* [TASK GOAL]: Using the data below, output a verbatim copy of the lines between the one holding "萌趣立體造型長袖襯衫-恐龍-黃藍格紋" and the one holding "I’ve been able", inclusive, without any pictures.

* [DATA RECORDS]:
━━━━━━━━━━━━━━━━

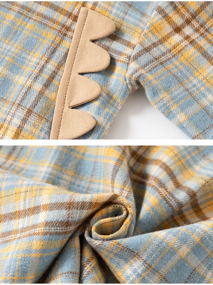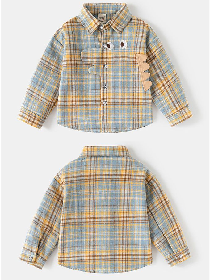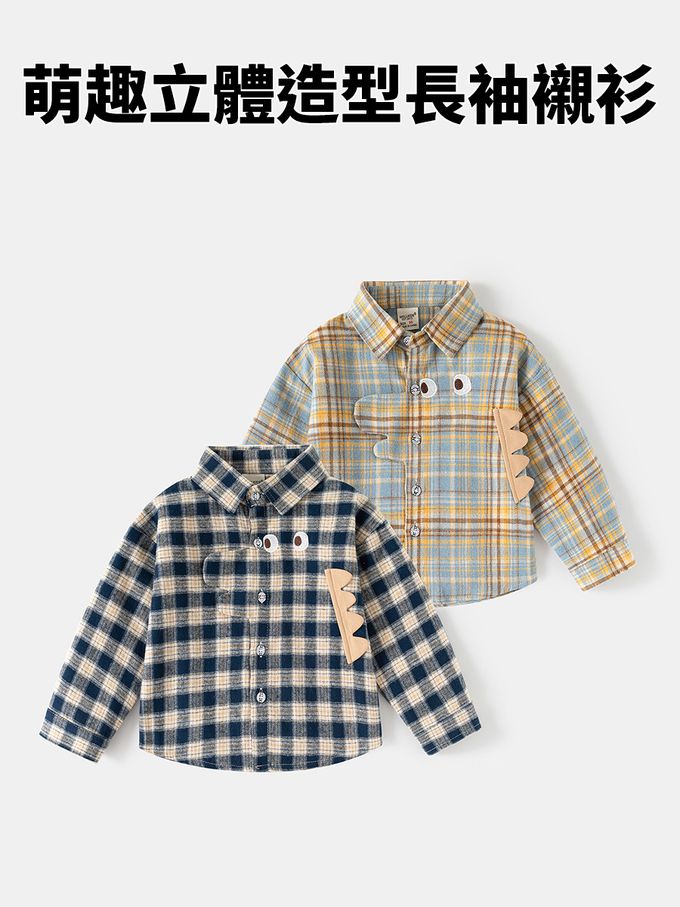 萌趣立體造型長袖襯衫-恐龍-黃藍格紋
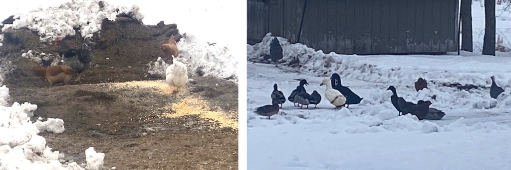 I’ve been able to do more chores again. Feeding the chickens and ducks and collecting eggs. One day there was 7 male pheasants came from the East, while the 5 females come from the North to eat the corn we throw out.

━━━━━━━━━━━━━━━━

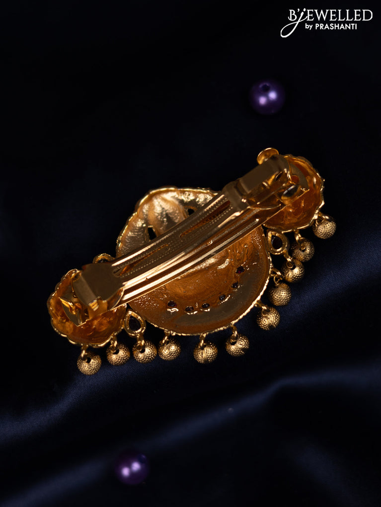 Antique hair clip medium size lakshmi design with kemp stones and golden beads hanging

━━━━━━━━━━━━━━━━

* [EXERCISE RESULT]:
 萌趣立體造型長袖襯衫-恐龍-黃藍格紋
 I’ve been able to do more chores again. Feeding the chickens and ducks and collecting eggs. One day there was 7 male pheasants came from the East, while the 5 females come from the North to eat the corn we throw out.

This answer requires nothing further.